Information shown:
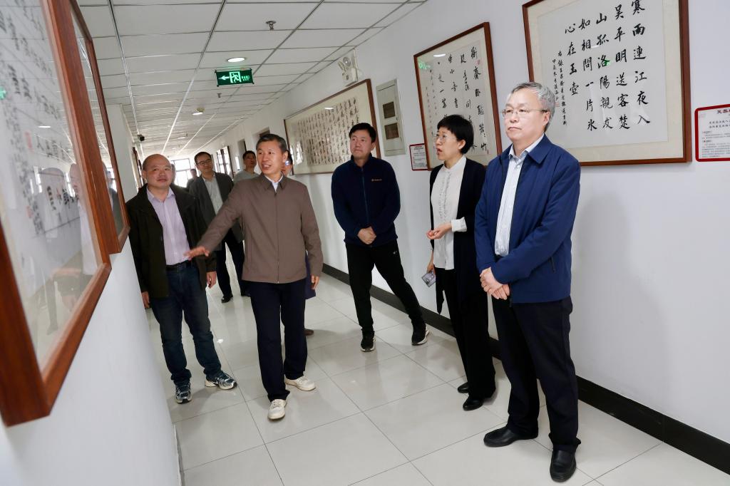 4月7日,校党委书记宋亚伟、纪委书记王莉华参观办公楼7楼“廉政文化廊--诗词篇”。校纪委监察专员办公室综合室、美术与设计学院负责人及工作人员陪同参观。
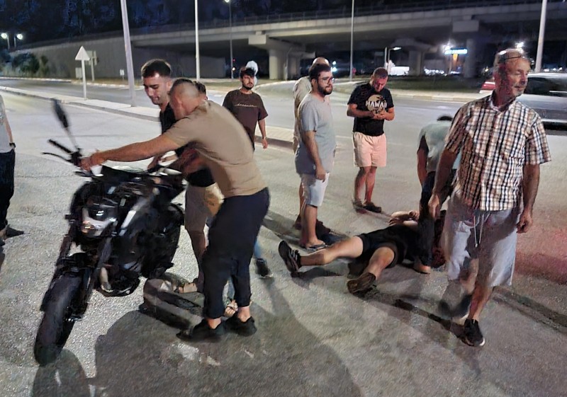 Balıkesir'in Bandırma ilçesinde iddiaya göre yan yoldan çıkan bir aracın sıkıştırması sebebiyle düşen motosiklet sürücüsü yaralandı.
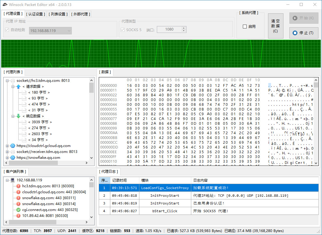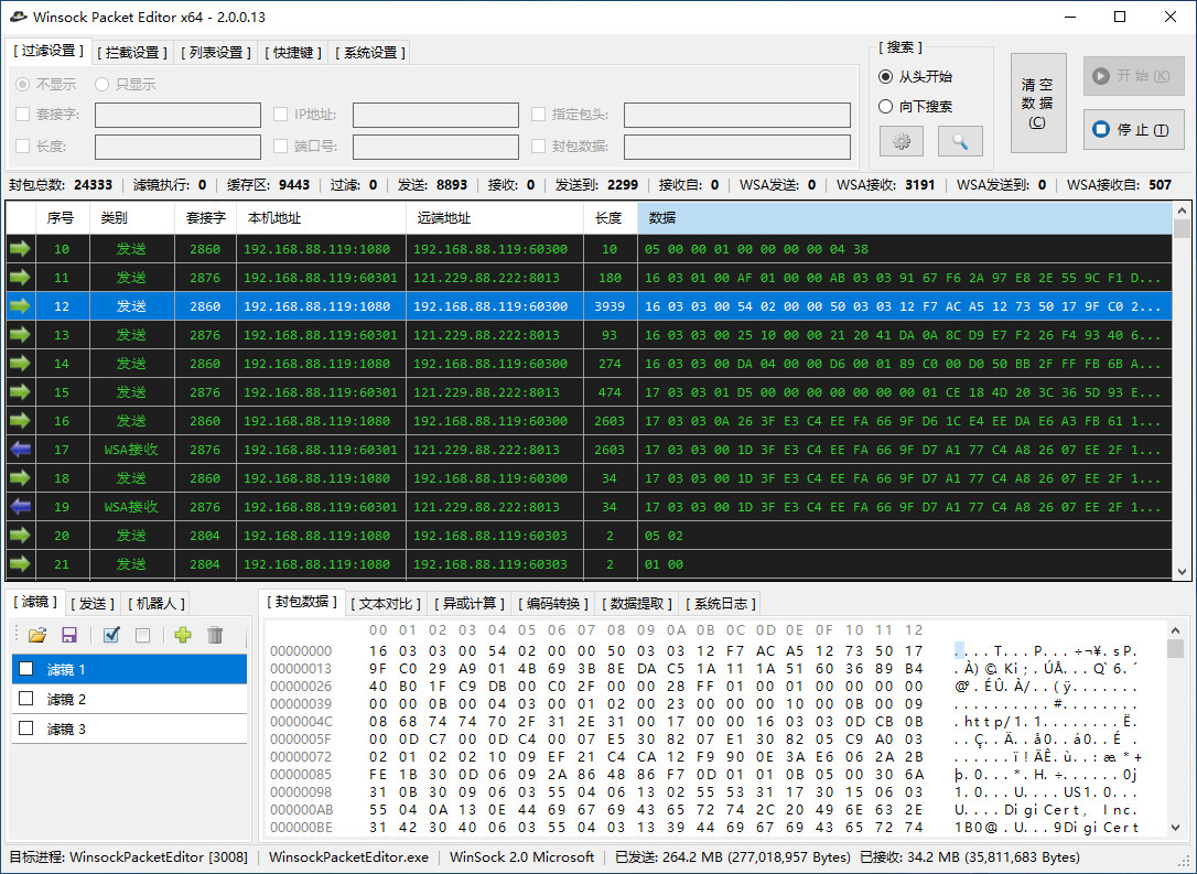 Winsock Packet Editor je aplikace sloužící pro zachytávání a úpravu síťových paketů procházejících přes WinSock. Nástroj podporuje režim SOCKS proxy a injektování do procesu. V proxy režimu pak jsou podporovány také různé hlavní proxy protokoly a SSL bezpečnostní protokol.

Activity: What you give back must match the material word for word, with no images included.

Solution for this task:
 4月7日,校党委书记宋亚伟、纪委书记王莉华参观办公楼7楼“廉政文化廊--诗词篇”。校纪委监察专员办公室综合室、美术与设计学院负责人及工作人员陪同参观。
 Balıkesir'in Bandırma ilçesinde iddiaya göre yan yoldan çıkan bir aracın sıkıştırması sebebiyle düşen motosiklet sürücüsü yaralandı.
 Winsock Packet Editor je aplikace sloužící pro zachytávání a úpravu síťových paketů procházejících přes WinSock. Nástroj podporuje režim SOCKS proxy a injektování do procesu. V proxy režimu pak jsou podporovány také různé hlavní proxy protokoly a SSL bezpečnostní protokol.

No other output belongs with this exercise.